- _Stored data_

BEGIN

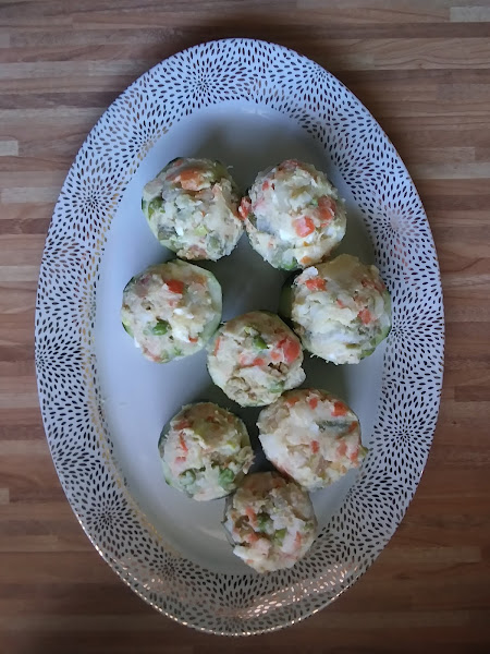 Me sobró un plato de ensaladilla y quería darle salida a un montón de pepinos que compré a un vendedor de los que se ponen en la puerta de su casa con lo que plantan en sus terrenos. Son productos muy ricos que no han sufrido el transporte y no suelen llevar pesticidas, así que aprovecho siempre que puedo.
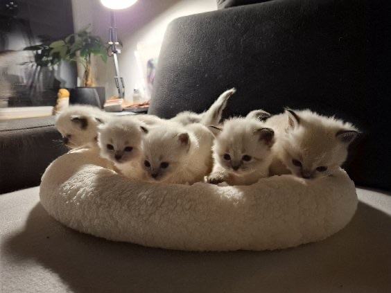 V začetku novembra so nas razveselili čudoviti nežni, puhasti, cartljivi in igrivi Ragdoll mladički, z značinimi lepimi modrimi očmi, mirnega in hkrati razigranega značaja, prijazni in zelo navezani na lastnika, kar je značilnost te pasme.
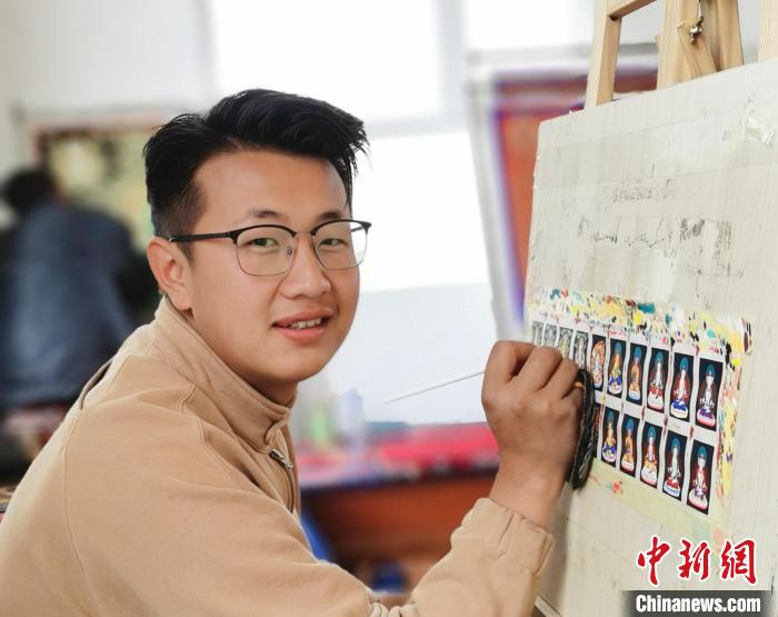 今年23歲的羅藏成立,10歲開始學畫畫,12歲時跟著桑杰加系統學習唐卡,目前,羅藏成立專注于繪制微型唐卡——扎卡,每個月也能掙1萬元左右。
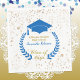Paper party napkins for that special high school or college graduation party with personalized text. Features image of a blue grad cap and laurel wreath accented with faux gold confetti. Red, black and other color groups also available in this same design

END
BEGIN

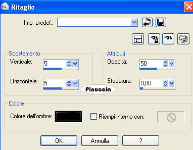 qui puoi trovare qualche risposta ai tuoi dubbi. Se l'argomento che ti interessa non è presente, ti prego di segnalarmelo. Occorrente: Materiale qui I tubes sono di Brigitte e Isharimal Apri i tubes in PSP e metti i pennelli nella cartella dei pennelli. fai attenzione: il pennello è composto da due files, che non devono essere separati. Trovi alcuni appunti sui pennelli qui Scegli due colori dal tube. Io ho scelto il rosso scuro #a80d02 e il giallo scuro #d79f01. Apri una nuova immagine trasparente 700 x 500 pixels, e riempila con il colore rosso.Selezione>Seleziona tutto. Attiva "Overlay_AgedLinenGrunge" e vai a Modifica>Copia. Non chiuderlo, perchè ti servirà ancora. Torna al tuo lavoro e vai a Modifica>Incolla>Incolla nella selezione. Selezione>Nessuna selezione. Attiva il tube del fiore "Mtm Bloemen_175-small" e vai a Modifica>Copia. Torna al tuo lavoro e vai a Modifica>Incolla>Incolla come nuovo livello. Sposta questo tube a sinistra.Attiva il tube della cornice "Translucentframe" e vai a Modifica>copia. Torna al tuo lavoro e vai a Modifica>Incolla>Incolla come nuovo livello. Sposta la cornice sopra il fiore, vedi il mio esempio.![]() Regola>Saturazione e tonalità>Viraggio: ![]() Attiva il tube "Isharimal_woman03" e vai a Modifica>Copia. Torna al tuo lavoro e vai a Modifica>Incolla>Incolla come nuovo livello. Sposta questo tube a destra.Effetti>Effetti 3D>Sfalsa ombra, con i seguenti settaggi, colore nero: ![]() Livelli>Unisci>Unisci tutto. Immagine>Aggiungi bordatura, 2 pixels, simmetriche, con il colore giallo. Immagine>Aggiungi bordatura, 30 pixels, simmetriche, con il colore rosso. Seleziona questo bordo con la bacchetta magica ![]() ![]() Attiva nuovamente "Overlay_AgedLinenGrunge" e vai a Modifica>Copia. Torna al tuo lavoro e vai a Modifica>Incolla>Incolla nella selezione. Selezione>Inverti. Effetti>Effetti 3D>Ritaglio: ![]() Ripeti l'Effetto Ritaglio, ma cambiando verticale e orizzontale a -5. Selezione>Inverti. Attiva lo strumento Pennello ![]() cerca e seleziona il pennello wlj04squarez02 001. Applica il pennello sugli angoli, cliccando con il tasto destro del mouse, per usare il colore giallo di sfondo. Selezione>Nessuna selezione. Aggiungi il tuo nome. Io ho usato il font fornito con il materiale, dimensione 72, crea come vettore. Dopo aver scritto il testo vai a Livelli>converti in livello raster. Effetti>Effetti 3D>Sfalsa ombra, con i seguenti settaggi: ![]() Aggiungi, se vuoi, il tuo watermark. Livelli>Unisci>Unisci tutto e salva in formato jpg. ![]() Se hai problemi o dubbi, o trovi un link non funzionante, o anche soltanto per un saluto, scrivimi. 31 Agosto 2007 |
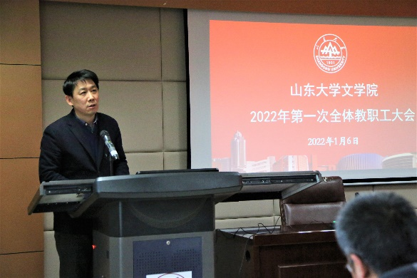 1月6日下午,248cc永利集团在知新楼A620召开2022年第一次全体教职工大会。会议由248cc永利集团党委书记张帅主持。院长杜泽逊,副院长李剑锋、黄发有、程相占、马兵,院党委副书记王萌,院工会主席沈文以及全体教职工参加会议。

END
BEGIN

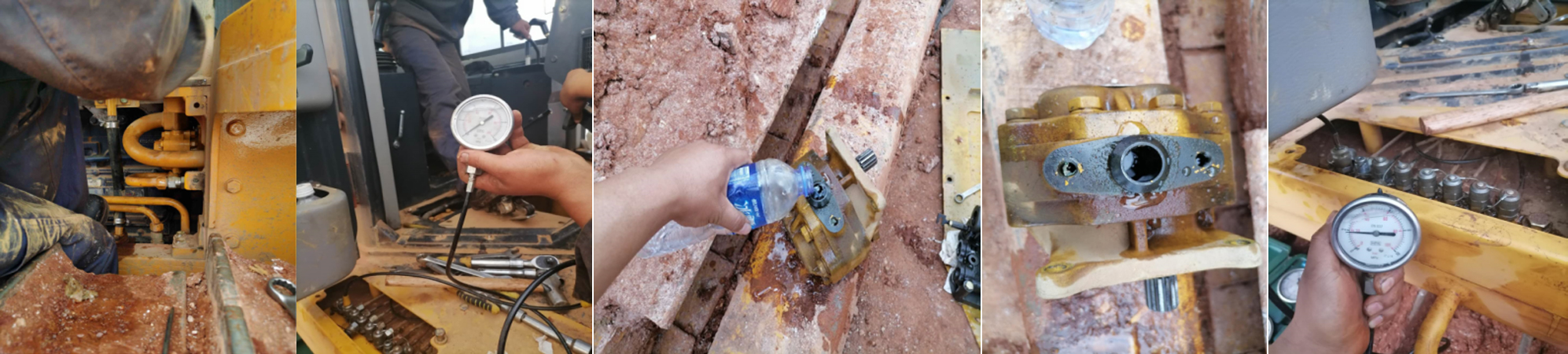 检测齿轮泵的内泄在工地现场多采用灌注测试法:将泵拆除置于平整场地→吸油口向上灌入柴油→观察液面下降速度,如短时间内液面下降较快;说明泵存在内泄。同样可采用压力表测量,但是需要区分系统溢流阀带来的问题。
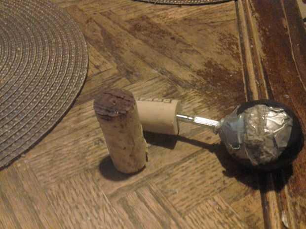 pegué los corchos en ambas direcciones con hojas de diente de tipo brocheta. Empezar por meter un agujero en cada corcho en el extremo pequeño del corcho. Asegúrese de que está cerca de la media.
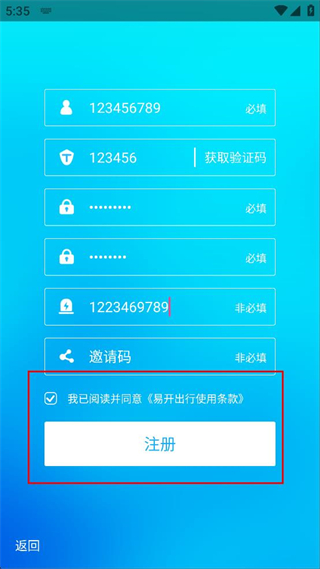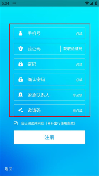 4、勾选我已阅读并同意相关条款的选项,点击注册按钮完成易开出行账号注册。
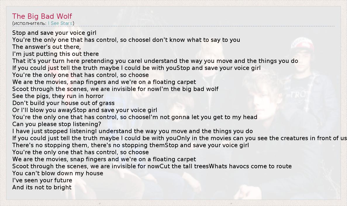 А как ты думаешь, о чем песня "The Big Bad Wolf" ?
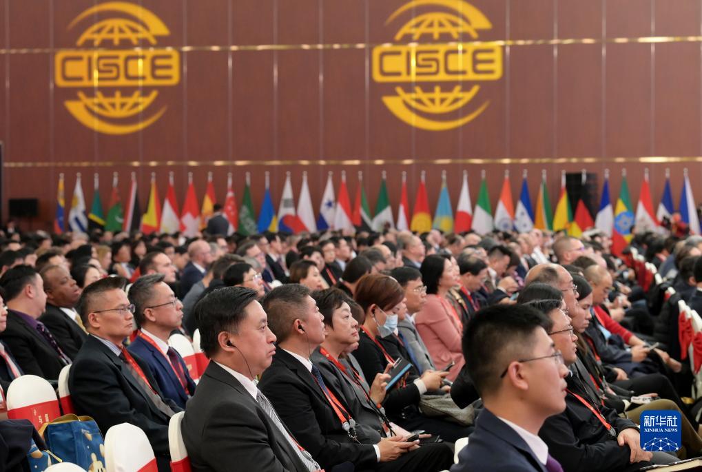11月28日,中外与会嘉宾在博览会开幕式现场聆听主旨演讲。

END

- _About this task_
Line for line, output the entries above from the line with "检测齿轮泵的内泄在工地现场多" to the line with "11月28日,中外与会嘉宾在博览会开幕式现场聆听主旨演讲。", both included, and nothing more. Skip pictures.

- _Your solution_
 检测齿轮泵的内泄在工地现场多采用灌注测试法:将泵拆除置于平整场地→吸油口向上灌入柴油→观察液面下降速度,如短时间内液面下降较快;说明泵存在内泄。同样可采用压力表测量,但是需要区分系统溢流阀带来的问题。
 pegué los corchos en ambas direcciones con hojas de diente de tipo brocheta. Empezar por meter un agujero en cada corcho en el extremo pequeño del corcho. Asegúrese de que está cerca de la media.
 4、勾选我已阅读并同意相关条款的选项,点击注册按钮完成易开出行账号注册。
 А как ты думаешь, о чем песня "The Big Bad Wolf" ?
11月28日,中外与会嘉宾在博览会开幕式现场聆听主旨演讲。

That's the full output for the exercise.